In yesterday’s post, veteran autism parents shared what they wished they knew when their child was first diagnosed with autism. We don’t have a time machine to go back and tell our new-autism-parent selves this stuff, but hopefully our autism advice can help other parents of children recently diagnosed with autism. Lisa Ackerman, founder of Talk About Curing Autism (TACA), wrote a an inspiring post a few years back titled “Dear Lisa” in which she writes a letter to her new-autism-parent self. It is one of my favorites – still relevant and inspiring to parents today. So, I am posting it here with Lisa’s permission. Huge thanks to Lisa for allowing me to share her hopeful message. And a little update a few years since this was originally written: Jeff is in college! Lisa’s feet are pretty cute now. She is still bad at math.
Dear Lisa of 1999,
It’s been one year since Jeff was diagnosed and you are still really frustrated. So far several doctors have told you to place Jeff in an institution. Jeff is only three years old. You know he has a ton of issues and is really sick, but an institution?! It feels like your world is crumbling around you. You are upset and can’t sleep because you are so very scared of the future.
So here I am, in the future, writing to tell you it will be ok. These particular specialists are wrong, they can’t predict Jeff’s future. They could not have got it more wrong!
In your fear, you have forgotten some of the advice mom and dad taught you. Please stay focused, and try to remember these things:
1) You cannot do it all at once. Remember two checklists: the long one that has everything you need to do on it and the short list with 1-3 things you can accomplish each week. PLEASE don’t look at the long list more than once a week – It will tease and taunt you. Keep that short list going and be realistic. That long list will slowly disappear. You will get a lot done. Trust me.

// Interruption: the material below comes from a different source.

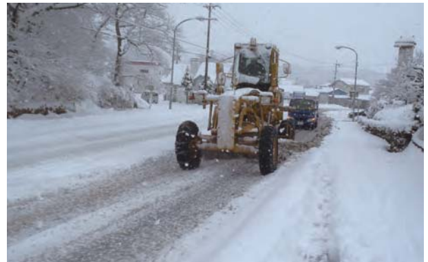
除雪作業 恵南地区

2) Surround yourself with positive people (and stay away from the Debbie Downers). You cannot change these folks. Focus on where you have the power to drive positive change.

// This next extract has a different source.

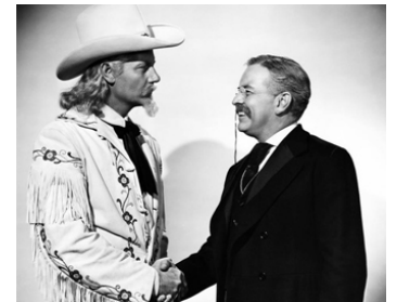
1944 BUFFALO BILL (Buffalo Bill) de William A. Wellman avec Joel McCrea

3) The worthless emotions of fear and anger need to be banished as soon as possible. You have already wasted a year with these emotions. Stop it. Know that they still crop up but then squash them quickly with a positive attitude.
4) I like how you celebrated every victory (no matter how small). Continue to do that and smile as much as possible. Know that good days are around the corner.

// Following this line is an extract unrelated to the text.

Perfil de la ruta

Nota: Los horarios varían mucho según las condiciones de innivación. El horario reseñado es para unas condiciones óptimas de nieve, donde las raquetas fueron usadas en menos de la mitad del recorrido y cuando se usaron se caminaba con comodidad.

5) Don’t be afraid to go ask questions – talk to a speaker at the conference, or a doctor whom you have just met. Bring Jeff’s medical binder and ask for guidance, direction and referrals. They don’t bite. They are there to help. Take advantage of that. Be sure to bring them a snack or something to drink as a thank you.
6) Don’t be afraid to travel to someone you think can help. Miracle Flights is a blessing and might even fly you there. You can make anything happen for Jeff.
7) If something doesn’t sound right or feel correct, it probably isn’t. Trust your instincts.
8) Stay consistent. Stay on target. Utilize the lab results and behavior data as your guide. Trust these measurements.
9) Biomedical intervention works. Often before things get better, they get a little bit worse. Don’t be afraid. Talk to other parents. Have clear guidelines and communication with your doctor. Read more about treatments so you can start those dialogues sooner.
10) Traditional therapies are a huge blessing. They work even better on healthy kids. Get Jeff healthy!
11) Don’t freak out if a therapist calls in sick. You are here and can try it yourself. Don’t be afraid to open the log book and try it out. That’s what parent training was for.
12) Treat therapists like family and (some) family like guests. Don’t bark at people trying to help you.
13) Your husband – please don’t forget you are married. Please remember why you fell in love in the first place.
14) Your daughter Lauren is the best kid and sister ever. Remember to go out on dates with her. It’s ok to have fun.
15) Be kind to yourself – even though you will never listen to this, please get a pedicure. Your feet scare me.
16) The more you give, the more you will receive.
You don’t know this but in June of 2011, Jeff finished 7th grade in a regular educational placement, not a special day class. He did really well. He didn’t make the honor role but that’s OK – he’s better than “average” grade wise. He has friends, a great sense of humor, some funny pick-up lines (they actually work!) and the most beautiful smile. His math skills are much better than yours. He has mastered a lot of goals. He will continue to make progress. He is a walking miracle.
And to the future – Let me tell you what he will do:
- He will graduate from high school.
- He will go to college.
- He will fall in love.
- He will get married.
- He will choose a career and love it.
Don’t shutter at this one – but he will produce some beautiful grandkids for you and they will share his beautiful smile.
With love & respect,
Lisa of June 2011
P.S. If only I could have written this note to you twelve years ago. I wish I could have. My goal this week is for families new to the autism journey to read it and feel a bit more empowered, less scared and ready for the journey. The journey of a thousand miles starts with one step. Walk towards the best practices and make good things happen for your kids.